Nancy and Junie head back to Rocco's farm and try to interrogate the workers but they all speak a rare Italian dialect and cannot understand the girls. They do manage to discover, however, that little Tony has run away after his uncle Rocco beat him for drawing pictures. WTF, Rocco?!
Nancy and Junie find the boy, but decide to have him stay with the bible-spouting shepherd, who starts teaching him English right away (because he's got to learn if he's going to be in "these United States" Ugghhhh.) and write a note to Rocco explaining Tony's location and threatening to go to the police about the beatings.
So, yeah. This is the one where Nancy Drew kidnaps a child.
Don't get me wrong, it's in the best interest of Tony, but let's call a spade a spade here. She's a kidnapper. Two thugs also say as much when they show up with fake badges and try to arrest her for abduction, but they are working for Rocco.

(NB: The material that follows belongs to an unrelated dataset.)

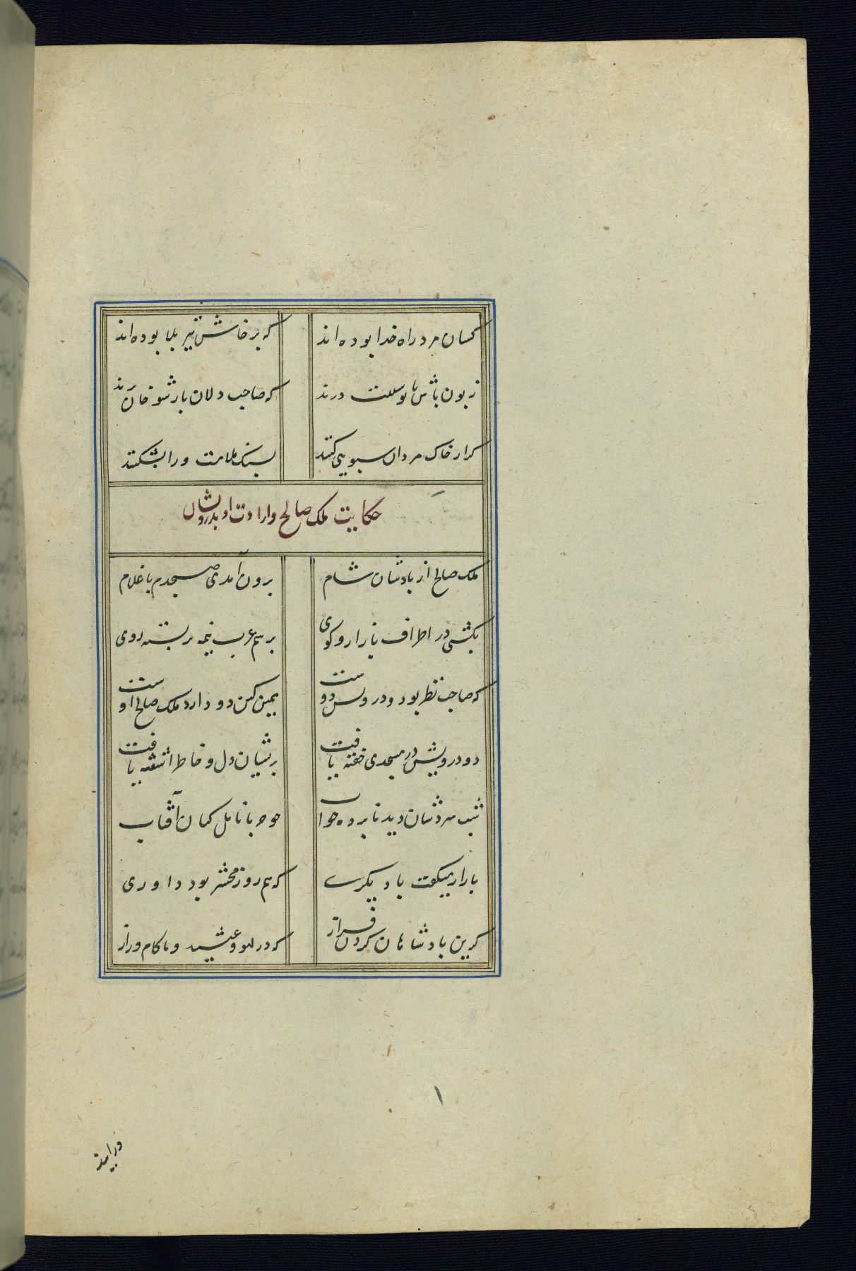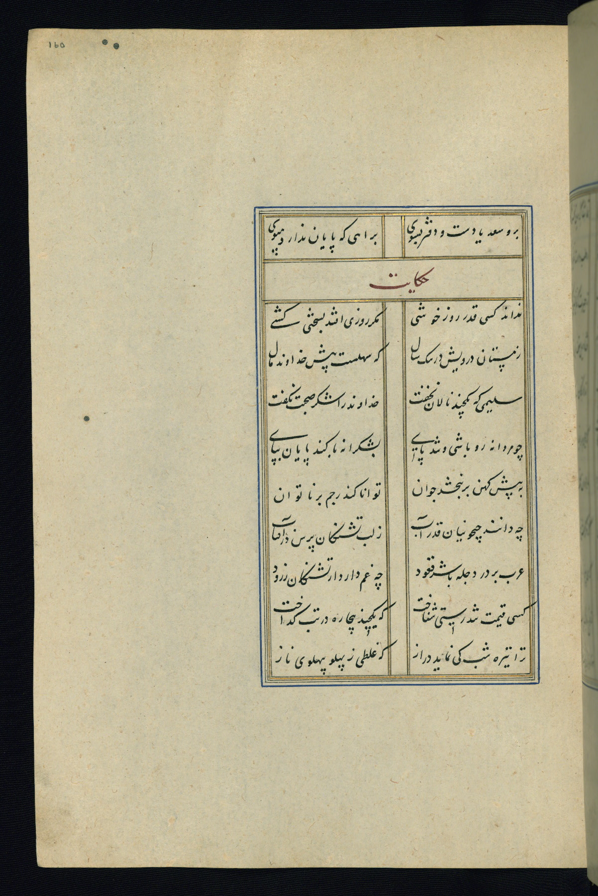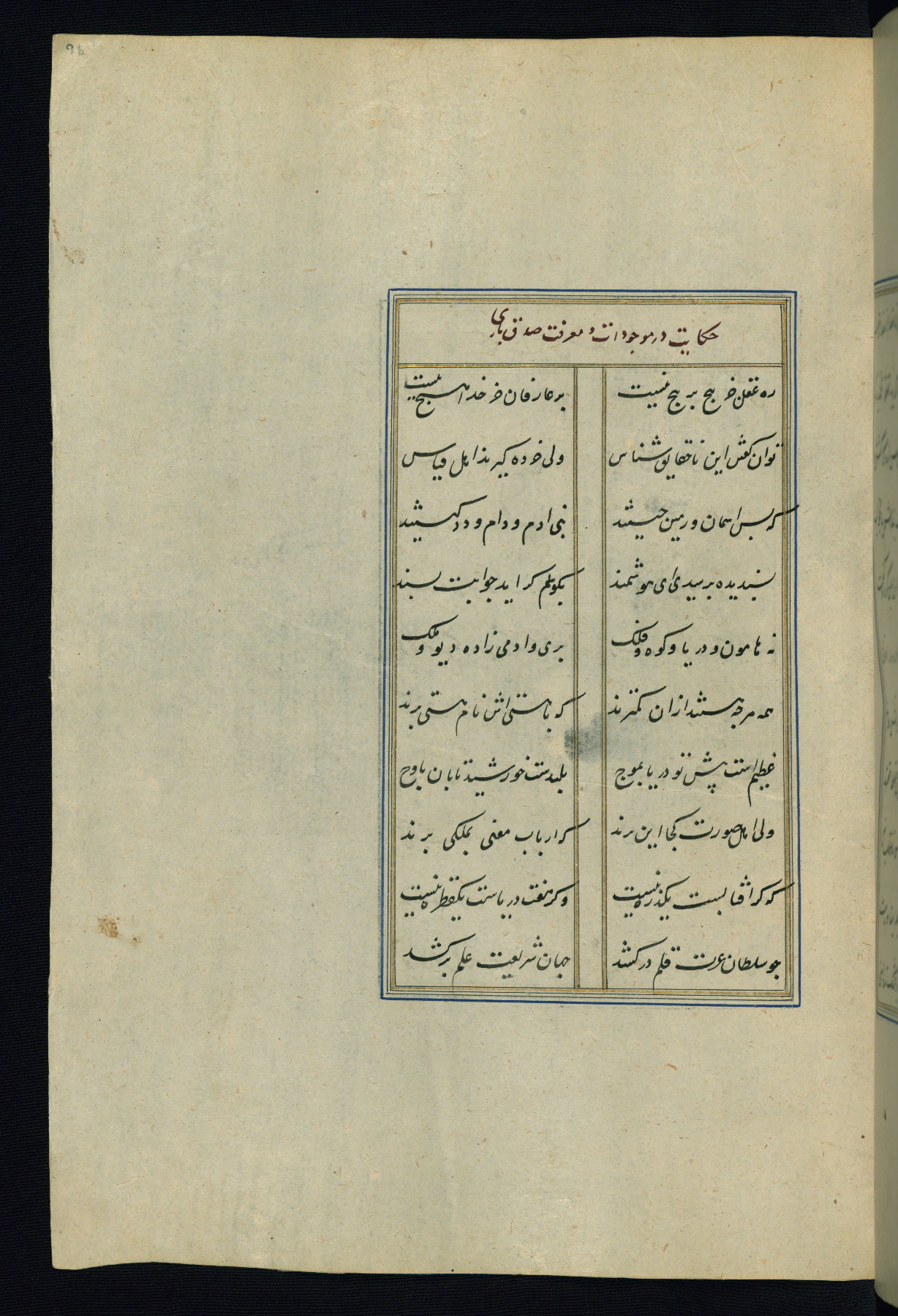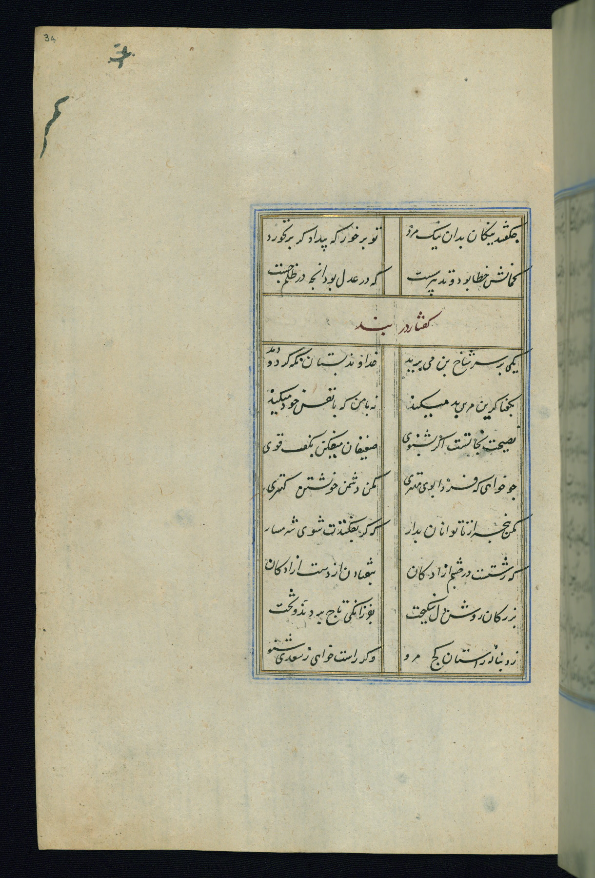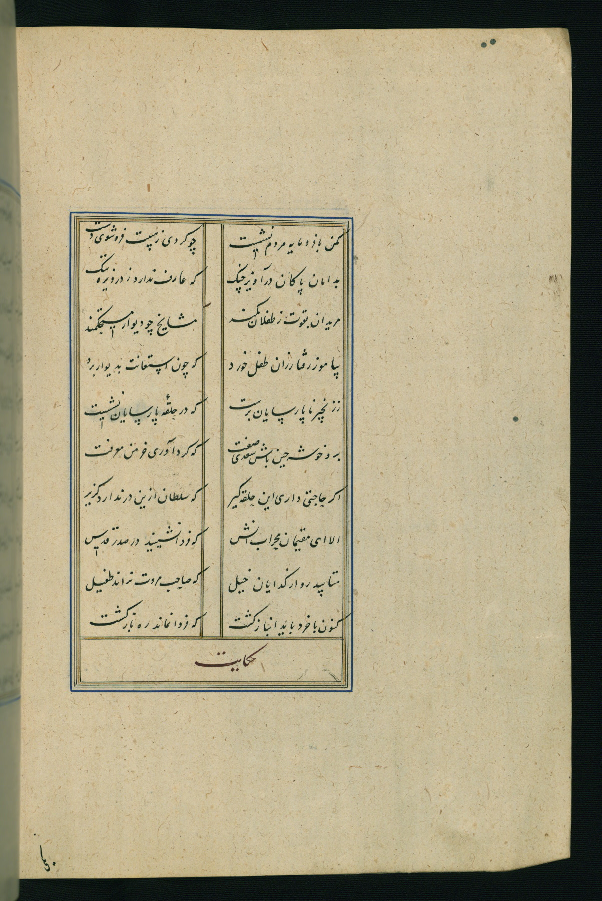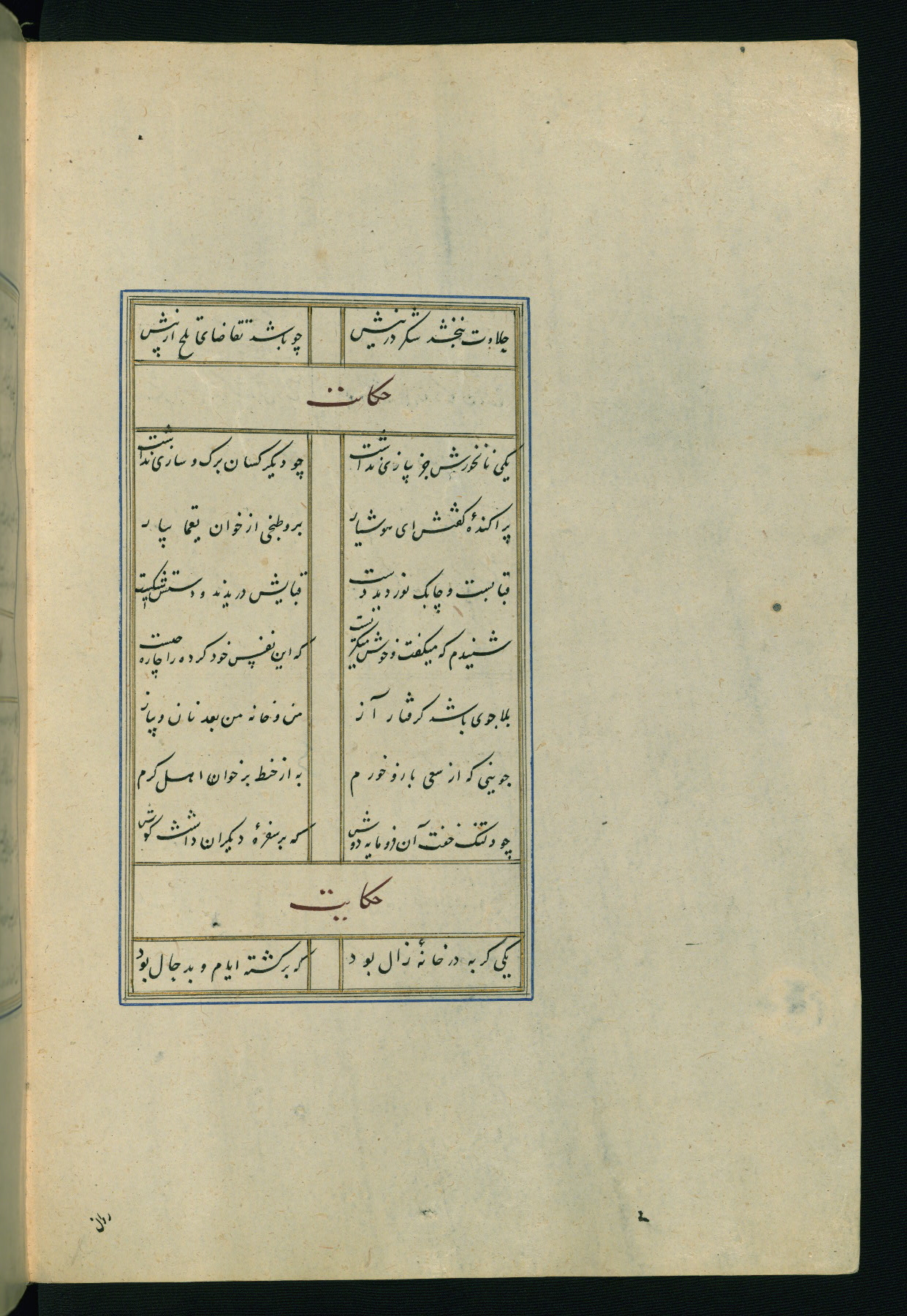 This is an illuminated and illustrated Safavid copy of the Būstān (The garden or The orchard), composed by Sa’dī (d. 691 AH / 1292 CE). It was written in black nasta’līq script in the ninth century AH / sixteenth CE in Iran. The codex opens with a frontispiece with the title Kitāb-i būstān inscribed in an illuminated medallion (fol. 1a), followed by a double-page illustration of a banquet scene in a landscape (fols. 1b-2a). Additionally, there are five paintings illustrating the text (fols. 25a, 55b, 58a, 93b, and 119b). The brown leather, blind-stamped binding decorated with a central oval and pendants is not contemporary with the manuscript.

After what seems like an eternity, Bess, George, Ned, Burt and Dave show up and start to pull their weight. Junie seems nice and all, but a little green in the mystery department. Within just a few pages, the gang has figured out that Rocco is running a fake union scam, collecting dues from workers seeking to earn higher wages, AND that Tony has a long lost mother in Italy. Evidently, after this poor woman's husband died, her brother in law stole her money and absconded with her infant son as well. She is also the painter of the parchment art, which depicted her husband's accident, her young boy and a self-portrait. So Rocco stole that too.
Yeah, he's really a grade-A dick. And also kind of stupid, or at least his muscle is. When Nancy and Mrs. Bolardo (Tony's mom) go to find him, Rocco's men tie them up but then just sort of leave, saying they'll be back later. Um, what? These guys have NO follow-through!
Probably the best moment of the entire book other than when Bess is forced to tour the slaughterhouse is the climax, in which Rocco hears an angry mob outside his house. He asks the police to protect him, but they're basically like "Sorry, dude, you made your bed."
After that I'm pretty sure he just got arrested, but I like to imagine the mob of duped Unioneers surrounding him and eating him like Ramsay Bolton's dogs.
This one was...okay. Pretty middle-run. Parts of it really dragged, and I felt like Nancy's characterization was sort of all over the place. But, no fat shamings so plus!